Dallas — The Blue Candlelight Music Series presented Alexander Kobrin as a last-minute replacement for Sergei Babayan, who was indisposed.
Kobrin is well known to local audiences as the Gold Medalist in the 2005 Van Cliburn International Piano Competition. He is equally famous for his absolute mastery of technique, quiet musicianship and stoic presence. No one ever accused Kobrin of showmanship or even of having a drop of charisma.
All of these aspects were on full display on March 18, maybe even more so because the house concert format brought the audience within a few feet of him as he played. Sometimes the distance of the stage can hide his passive personality.
But there can be no complaints about his results. He impeccably played a long and complicated program of music from composers as different as the forthright Beethoven and the mystical Scriabin as well as the modest Schubert and showy Rachmaninoff.
Beethoven’s Sonata No. 13 is part of a two-sonata grouping in his Op. 27. Both are called Sonata quasi una fantasia. While its companion (Op. 27, No. 2, “The Moonlight”) is more well known, the No. 1 is really much more of a “fantasy.” While there are ostensibly different movements, unlike “Moonlight,” they are played without a pause and the entire sonata is over in a mere 14 minutes. There is even a cyclical return of some of the earlier materials that help to unify the piece.
Kobrin did a terrific job of blurring the movement divisions, thus presenting it as one unsubdivided piece. It is almost too bad that the program listed the movements because, unless you were quite familiar with the sonata, it would have been impossible to determine when one stopped and the next began.

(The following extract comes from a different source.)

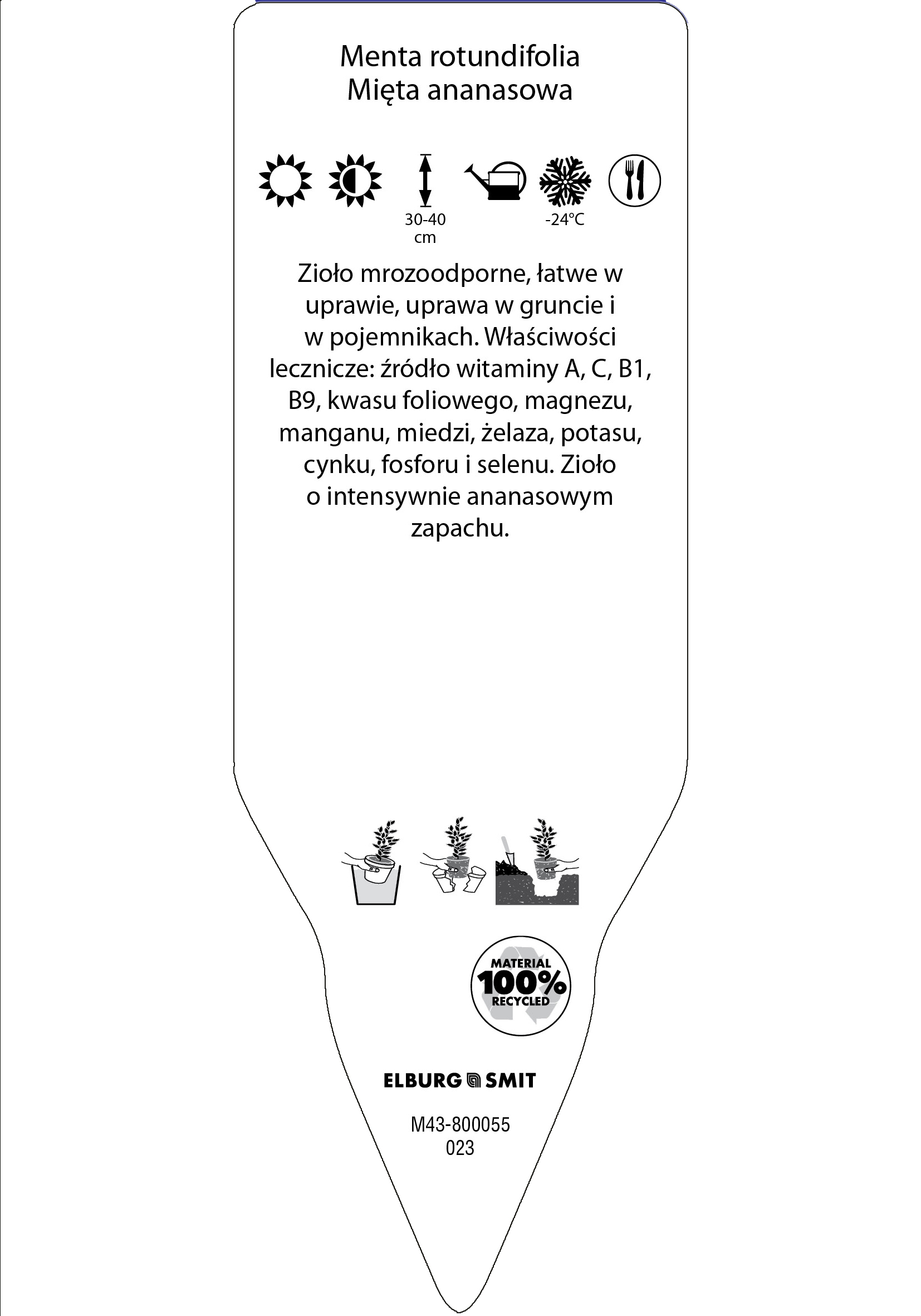 Etykieta wtykana w rozmiarze 35×100 mm. Wykonana z polistyrenu o grubości 0,6 mm w 100% pochodzącego z recyklingu. Etykieta odporna na działanie czynników atmosferycznych. Całość dodatkowo zabezpieczona jest lakierem UV zapobiegającym utracie kolorów.

Beethoven would have been pleased.
Next came Schubert’s Four Impromptus, Op. 90. While the name impromptu implies an improvisation, or at least a loosely organized piece, this is not really the case. The name impromptu was bestowed by the publisher.

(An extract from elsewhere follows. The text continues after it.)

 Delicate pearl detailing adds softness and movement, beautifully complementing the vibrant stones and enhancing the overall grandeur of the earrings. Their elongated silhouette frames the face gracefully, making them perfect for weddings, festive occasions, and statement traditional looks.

All four pieces are carefully written and fit into standard forms. Kobrin gave each one of them an individual character and brought out their differences more than their similarities. The third, in G flat major (that is six flats), was particularly entrancing as Kobrin demonstrated clear independence of his hands as he floated the almost Mendelsohnian melody over the harp-like accompaniment.
Although Scriabin’s second piano sonata is also called a Sonata Fantasie like Beethoven’s that opened the program, the name is all that they have in common. However, like the “Moonlight,” Scriabin opens with a slow movement. While it is completely different than Beethoven’s almost classical effort, Kobrin brought out some crepuscular beauties hidden in the impressionistic score.
The presto second movement was presto indeed. Kobrin made it sound more like a scherzo than a final movement, leaving some of us wondering if there wasn’t a lost finale.
The program ended with a major work by Rachmaninoff, his Variations on a Theme of Corelli. Kobrin was more in his element with Rachmaninoff’s virtuoso pianism than earlier in the program, even jettisoning some of his quiet approach.
This work is a series of 20 variations based on a theme that was not by Corelli called La Folia. Corelli used the theme for a set of variations but so did a number of other Baroque composers. Nevertheless, this is a fine set that gets everything possible out of the theme. It is a little on the long side, which even the composer admitted. He rarely played them all in concert. Kobrin played all 20 of them but kept the audience’s interest throughout.
It is here where Kobrin pulled out some of his trademark fireworks, although there are showier works by the composer. This piece admirably suited Kobrin’s low-key approach to virtuosity.
With Kobrin, mastery of the instrument is a given rather than something to use to impress the audience.